Customer satisfaction researchers often use statistical methods to infer how "important" various drivers are to overall satisfaction scores or customer loyalty indices. This article discusses latent class analysis, a technique that addresses respondent heterogeneity, which is one of the most significant pitfalls of traditional methods for computing derived importances. These methods provide a deeper understanding of individual differences between customers.

Editor’s note: Jon Pinnell is president/COO of MarketVision Research, Cincinnati.

The notion of derived importance is not a new one. In fact, heated debates over the merits of derived importance versus stated importance have resounded in conference rooms and industry publications alike. All debates aside, customer satisfaction researchers often use statistical methods to infer how “important” various product and service attributes, or drivers, are to overall satisfaction scores or customer loyalty indices.

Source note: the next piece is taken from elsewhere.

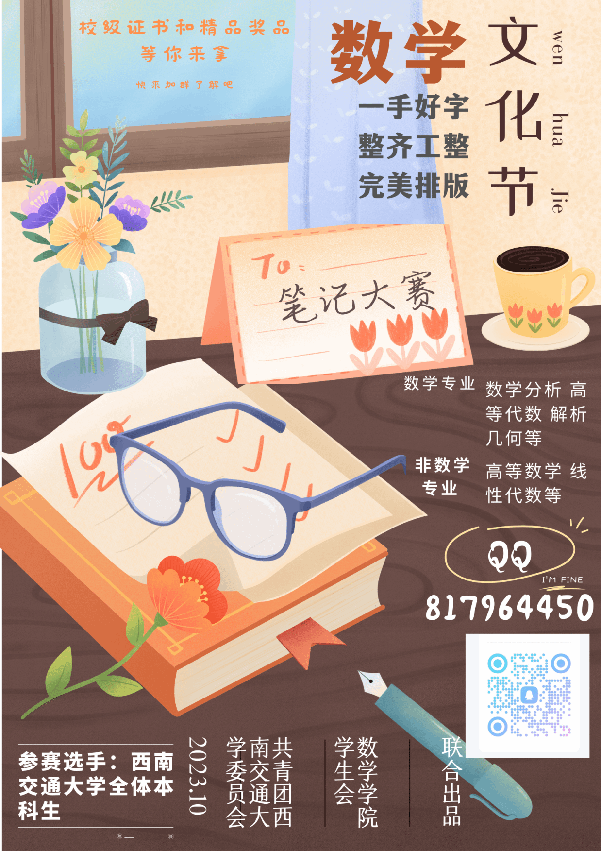 为进一步加强学风建设,发挥优秀数学笔记的模范带头作用,加强同学之间的学习交流,树立良好的学习之风,宣传优秀学习榜样,夯实学科基础,形成学数学、懂数学、爱数学的良好氛围。传承“严谨治学,严谨要求”的交大传统,增强同学们数理强国的信念,特举办茄子视频

Importance measures are known by many names and presented in several formats, including importance-performance grids, key driver analyses, and quadrant maps. Techniques used to derive these measures include correlation, linear regression, logistic regression and logit models, to name just a few.

While researchers must be cognizant of the many potential statistical pitfalls of each technique — such as autocorrelated observations or non-normal error distributions — researcher awareness of conceptual pitfalls is even more tantamount. For example, customers may overwhelmingly agree with an attribute solely due to question wording. This may result in a lack of variability and obscure the association between the driver and the response. Similarly, using linear models to describe non-linear relationships may also obscure strong, albeit nonlinear, associations. The list of potential pitfalls is long.

An example
Perhaps the most troubling shortcoming of traditional methods is the assumption that essentially treats all customers as though they share similar importance structures. Consider the following case in point:

A researcher wishes to regress the performance ratings of three attributes onto an “overall satisfaction” measure. Suppose there are two populations in the data with known — and different — importance structures.


Table 1: Known Parameters

   

    ß1    

      ß2     

      ß3     

    Relative Size of Population

Population 1    

1.00

0.60

0.30

70%

Population 2    

0.30

0.60

1.00

30%


After conducting a simple linear regression by regressing X1, X2, and X3 onto the overall rating, we observe the following estimates for ß1, ß2, and ß3:


Table 2: Regression Output

   

      ß1     

      ß2     

      ß3     

Parameter Estimates    

0.60

0.65

0.71


The model appears to fit well as the Adjusted R2 is a respectable .75 and all three parameter estimates are significant (p < 0.05). From a model fit standpoint, such regression results would please many analysts.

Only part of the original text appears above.